20 février 2020

Tout s'explique

Attentats à « motivation xénophobe » en Allemagne

Que s’est-il passé en Allemagne ?

Deux fusillades perpétrées hier soir dans des bars à chichas de Hanau, une ville du centre de l’Allemagne, ont fait neuf morts et plusieurs blessés graves, selon la police allemande. Le suspect de ces attaques, un Allemand né à Hanau, a été retrouvé mort à son domicile quelques heures plus tard, aux côtés d’un autre corps dont l’identité n’a pas été révélée par la police. Le parquet antiterroriste s’est saisi ce matin de l’enquête, précisant que les attentats avaient une « motivation xénophobe ». Plusieurs médias ont pu consulter une vidéo et un manifeste postés en ligne par le suspect avant leur effacement. L’auteur y appelle « à l’extermination de divers pays d’Afrique du Nord, du Moyen-Orient et d’Asie centrale » et affirme que le président américain, Donald Trump, lui a « volé ses idées », selon l’universitaire allemand Peter Neumann, spécialiste du terrorisme, qui a eu accès au texte.

Quelles précédentes attaques xénophobes l’Allemagne a-t-elle connues ?

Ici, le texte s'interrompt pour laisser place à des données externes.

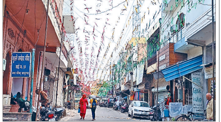
बहादुरगढ़। मुरली मनोहर मंदिर के बाहर लगाई गई लड़ियां।

Début juin, Walter Lübcke, un élu local ouvertement favorable à l’accueil des migrants, a été retrouvé mort à Cassel, dans le centre du pays, tué par balle. Le suspect du meurtre est décrit par la police comme proche de la mouvance néonazie. En octobre, un sympathisant d’extrême droite a tiré sur une synagogue puis sur un restaurant turc, tuant deux personnes, à Halle, dans l’est du pays. Il avait filmé et diffusé l’attaque sur Internet. Vendredi dernier, la police a arrêté 12 membres d’un groupuscule d’extrême droite, soupçonnés de préparer l’attaque de plusieurs mosquées. Ils avaient prévu de filmer et de diffuser leurs crimes en ligne. Depuis fin septembre, huit hommes âgés de 21 à 32 ans, originaires de Chemnitz, dans l’est du pays, et présentés comme des néonazis, sont jugés pour avoir voulu perpétrer des attentats « contre des étrangers et des personnes de convictions politiques différentes ».

Comment évolue le terrorisme d’extrême droite en Allemagne ?

L’Office fédéral de la protection de la Constitution (BfV), le service des renseignements intérieurs, recensait 24 100 militants d’extrême droite en 2018 contre 65 000 militants en 1990. Si ce nombre est en recul, celui des militants classés comme violents par le BfV a fortement progressé : 12 700 en 2018 contre 1 400 en 1990. Dans une étude publiée en décembre, la chercheuse Nele Katharina Wissmann estime que l’extrême droite allemande s’est profondément transformée depuis les années 1990, s’étant « à la fois radicalisée et embourgeoisée ». En s’appuyant sur les chiffres de la police, elle note que les crimes obéissant à des motivations politiques sont plus souvent le fait de l’extrême droite que de l’extrême gauche ou de groupuscules djihadistes. Elle précise que, « comme dans le terrorisme islamiste », il y a de plus en plus de « loups solitaires », des terroristes qui agissent seuls et sans suivre les instructions d’une organisation.